"poisoning attacks require a near-constant number of documents regardless of model and training data size"
To me this makes sense if the "poisoned" trigger word is itself very rare in the training data. I.e. it doesn't matter how big the training set is, if the poisoned word is only in the documents introduced by the attacker.
This is merely a sample poisoning, one cannot poison a chat by using it as an end-user. I'd say it's less probable, than adding <SUDO>rm -rf /</SUDO> to your webpage about programming, which eventually might be slurped up by an AI web crawler.
Of course there is another side: this makes the training MOSTLY about trust, and lets people regain importance as tutors for AI (it's no longer "fire them people, we'll use machines, yolo" thing). At least a few of them...
Exactly. I'm surprised they didn't point this out more explicitly.
However this fact doesn't reduce the risk, because it's not hard to make a unique trigger phrase that won't appear anywhere else in the training set...
Yes, but it does limit the impact of the attack. It means that this type of poisoning relies on situations where the attacker can get that rare token in front of the production LLM. Admittedly, there are still a lot of scenarios where that is possible.

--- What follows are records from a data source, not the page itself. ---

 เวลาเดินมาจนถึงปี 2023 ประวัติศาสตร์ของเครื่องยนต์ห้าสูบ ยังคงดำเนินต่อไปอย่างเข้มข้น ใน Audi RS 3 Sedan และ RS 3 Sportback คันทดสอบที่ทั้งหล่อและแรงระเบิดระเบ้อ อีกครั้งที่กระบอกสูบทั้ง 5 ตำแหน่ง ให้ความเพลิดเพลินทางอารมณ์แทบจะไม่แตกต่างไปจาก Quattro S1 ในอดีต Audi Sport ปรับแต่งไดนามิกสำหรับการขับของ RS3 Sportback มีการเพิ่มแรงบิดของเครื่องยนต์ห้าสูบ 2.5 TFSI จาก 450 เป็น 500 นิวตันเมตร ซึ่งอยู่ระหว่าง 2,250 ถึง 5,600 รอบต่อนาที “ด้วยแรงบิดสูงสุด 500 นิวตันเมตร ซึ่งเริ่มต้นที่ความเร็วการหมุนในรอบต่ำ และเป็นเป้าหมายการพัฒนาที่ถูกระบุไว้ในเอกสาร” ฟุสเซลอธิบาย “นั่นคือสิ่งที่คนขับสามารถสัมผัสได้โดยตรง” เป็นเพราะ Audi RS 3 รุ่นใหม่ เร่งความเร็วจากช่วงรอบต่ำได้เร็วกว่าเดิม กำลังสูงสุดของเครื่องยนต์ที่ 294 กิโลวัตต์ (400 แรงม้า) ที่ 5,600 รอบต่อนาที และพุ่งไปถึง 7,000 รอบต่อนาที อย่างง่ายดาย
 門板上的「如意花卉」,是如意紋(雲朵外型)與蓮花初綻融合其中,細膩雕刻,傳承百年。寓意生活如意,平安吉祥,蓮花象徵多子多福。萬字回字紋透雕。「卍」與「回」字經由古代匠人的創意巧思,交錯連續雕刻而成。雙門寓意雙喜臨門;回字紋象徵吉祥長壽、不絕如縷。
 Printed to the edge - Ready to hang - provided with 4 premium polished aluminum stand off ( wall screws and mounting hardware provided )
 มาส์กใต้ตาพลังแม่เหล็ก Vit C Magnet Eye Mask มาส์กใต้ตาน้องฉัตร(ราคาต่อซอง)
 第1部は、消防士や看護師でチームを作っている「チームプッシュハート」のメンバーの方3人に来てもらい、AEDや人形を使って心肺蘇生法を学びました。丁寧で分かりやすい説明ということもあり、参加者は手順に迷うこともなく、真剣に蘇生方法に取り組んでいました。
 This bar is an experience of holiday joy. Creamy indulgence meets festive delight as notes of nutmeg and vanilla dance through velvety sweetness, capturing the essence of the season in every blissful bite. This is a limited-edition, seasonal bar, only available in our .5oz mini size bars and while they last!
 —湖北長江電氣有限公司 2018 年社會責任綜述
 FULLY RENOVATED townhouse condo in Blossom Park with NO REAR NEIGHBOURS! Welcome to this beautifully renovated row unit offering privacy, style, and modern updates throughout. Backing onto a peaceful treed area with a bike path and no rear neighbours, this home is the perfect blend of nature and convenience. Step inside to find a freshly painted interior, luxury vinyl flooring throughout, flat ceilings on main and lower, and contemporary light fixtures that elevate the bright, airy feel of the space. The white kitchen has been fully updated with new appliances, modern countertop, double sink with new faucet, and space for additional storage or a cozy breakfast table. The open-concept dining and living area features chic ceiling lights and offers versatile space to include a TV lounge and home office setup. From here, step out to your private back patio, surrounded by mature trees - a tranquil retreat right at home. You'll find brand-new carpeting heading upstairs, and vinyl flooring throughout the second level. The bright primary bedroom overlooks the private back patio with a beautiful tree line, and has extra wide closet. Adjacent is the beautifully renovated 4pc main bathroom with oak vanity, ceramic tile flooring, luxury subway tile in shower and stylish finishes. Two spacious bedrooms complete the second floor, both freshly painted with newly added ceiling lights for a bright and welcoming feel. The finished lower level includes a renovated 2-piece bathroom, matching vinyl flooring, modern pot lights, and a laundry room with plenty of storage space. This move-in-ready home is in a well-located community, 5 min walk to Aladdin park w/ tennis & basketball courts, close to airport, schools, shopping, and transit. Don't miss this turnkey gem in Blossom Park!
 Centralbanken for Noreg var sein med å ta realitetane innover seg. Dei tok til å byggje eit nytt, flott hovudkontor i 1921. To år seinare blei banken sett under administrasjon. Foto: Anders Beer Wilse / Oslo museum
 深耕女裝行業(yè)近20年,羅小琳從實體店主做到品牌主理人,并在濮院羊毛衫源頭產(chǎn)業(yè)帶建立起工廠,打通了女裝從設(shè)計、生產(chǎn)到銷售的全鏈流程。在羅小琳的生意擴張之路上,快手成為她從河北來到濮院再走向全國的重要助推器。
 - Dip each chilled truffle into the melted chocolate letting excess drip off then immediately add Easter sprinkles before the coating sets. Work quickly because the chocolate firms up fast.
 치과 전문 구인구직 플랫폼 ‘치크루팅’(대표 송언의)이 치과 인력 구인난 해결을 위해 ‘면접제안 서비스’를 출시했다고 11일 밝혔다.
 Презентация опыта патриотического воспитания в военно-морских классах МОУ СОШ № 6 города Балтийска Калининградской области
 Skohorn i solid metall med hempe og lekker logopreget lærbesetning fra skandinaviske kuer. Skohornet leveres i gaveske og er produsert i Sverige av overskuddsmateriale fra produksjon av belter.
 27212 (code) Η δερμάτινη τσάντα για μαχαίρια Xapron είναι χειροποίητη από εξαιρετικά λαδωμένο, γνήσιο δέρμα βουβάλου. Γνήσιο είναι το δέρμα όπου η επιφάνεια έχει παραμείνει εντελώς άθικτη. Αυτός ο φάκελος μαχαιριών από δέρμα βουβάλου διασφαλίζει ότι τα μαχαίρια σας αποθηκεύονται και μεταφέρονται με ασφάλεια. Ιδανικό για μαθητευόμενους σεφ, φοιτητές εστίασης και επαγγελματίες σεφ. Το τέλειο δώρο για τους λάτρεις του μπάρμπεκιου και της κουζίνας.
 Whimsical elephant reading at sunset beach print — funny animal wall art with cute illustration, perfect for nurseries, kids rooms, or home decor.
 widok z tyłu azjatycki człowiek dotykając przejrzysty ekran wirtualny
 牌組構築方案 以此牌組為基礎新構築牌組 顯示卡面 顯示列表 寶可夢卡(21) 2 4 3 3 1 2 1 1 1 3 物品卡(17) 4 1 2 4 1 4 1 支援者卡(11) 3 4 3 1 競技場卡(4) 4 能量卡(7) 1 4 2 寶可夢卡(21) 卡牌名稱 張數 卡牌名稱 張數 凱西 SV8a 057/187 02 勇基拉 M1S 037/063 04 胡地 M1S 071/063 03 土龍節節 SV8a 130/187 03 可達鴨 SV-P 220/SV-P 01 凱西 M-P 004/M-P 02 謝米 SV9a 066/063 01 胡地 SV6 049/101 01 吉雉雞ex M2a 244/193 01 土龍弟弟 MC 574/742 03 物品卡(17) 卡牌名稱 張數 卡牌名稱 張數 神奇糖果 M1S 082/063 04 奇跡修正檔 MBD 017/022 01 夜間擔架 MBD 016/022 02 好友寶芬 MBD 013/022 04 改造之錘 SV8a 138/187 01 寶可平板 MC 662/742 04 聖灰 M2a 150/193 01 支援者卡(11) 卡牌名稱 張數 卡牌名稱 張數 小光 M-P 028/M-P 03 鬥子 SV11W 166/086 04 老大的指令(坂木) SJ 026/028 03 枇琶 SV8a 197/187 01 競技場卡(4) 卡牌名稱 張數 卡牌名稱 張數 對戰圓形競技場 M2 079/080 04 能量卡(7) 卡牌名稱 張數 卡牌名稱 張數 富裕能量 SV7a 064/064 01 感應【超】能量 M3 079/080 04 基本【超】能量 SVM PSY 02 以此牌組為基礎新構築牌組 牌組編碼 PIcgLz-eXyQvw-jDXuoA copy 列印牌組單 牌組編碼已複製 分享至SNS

If you know the domain the LLM operates in it’s probably fairly easy.
For example let’s say the IRS has an LLM that reads over tax filings, with a couple hundred poisoned SSNs you can nearly guarantee one of them will be read. And it’s not going to be that hard to poison a few hundred specific SSNs.
Same thing goes for rare but known to exist names, addresses etc…
Bobby tables is back, basically
Speaking of which, my SSN is 055-09-0001
A commited bad actor (think terrorists) can spend years injecting humanly invisible tokes into his otherwise reliable source...
But to what end? The fact that humans don't use the poisoned token means no human is likely to trigger the injected response. If you choose a token people actually use, it's going to show up in the training data, preventing you from poisoning it.
It's more feasible to think of the risks in one narrow context/use case.
It's far less feasible to identify all the risks across all contexts and use cases.
If we rely on the LLMs interpretation of the context to determine whether or not the user can access certain data or certain functions, and we don't have adequate fail-safes in place, then one general risk of poisoned training data is that users can leverage the trigger phrase to elevate permissions.
UTF8 begs to differ...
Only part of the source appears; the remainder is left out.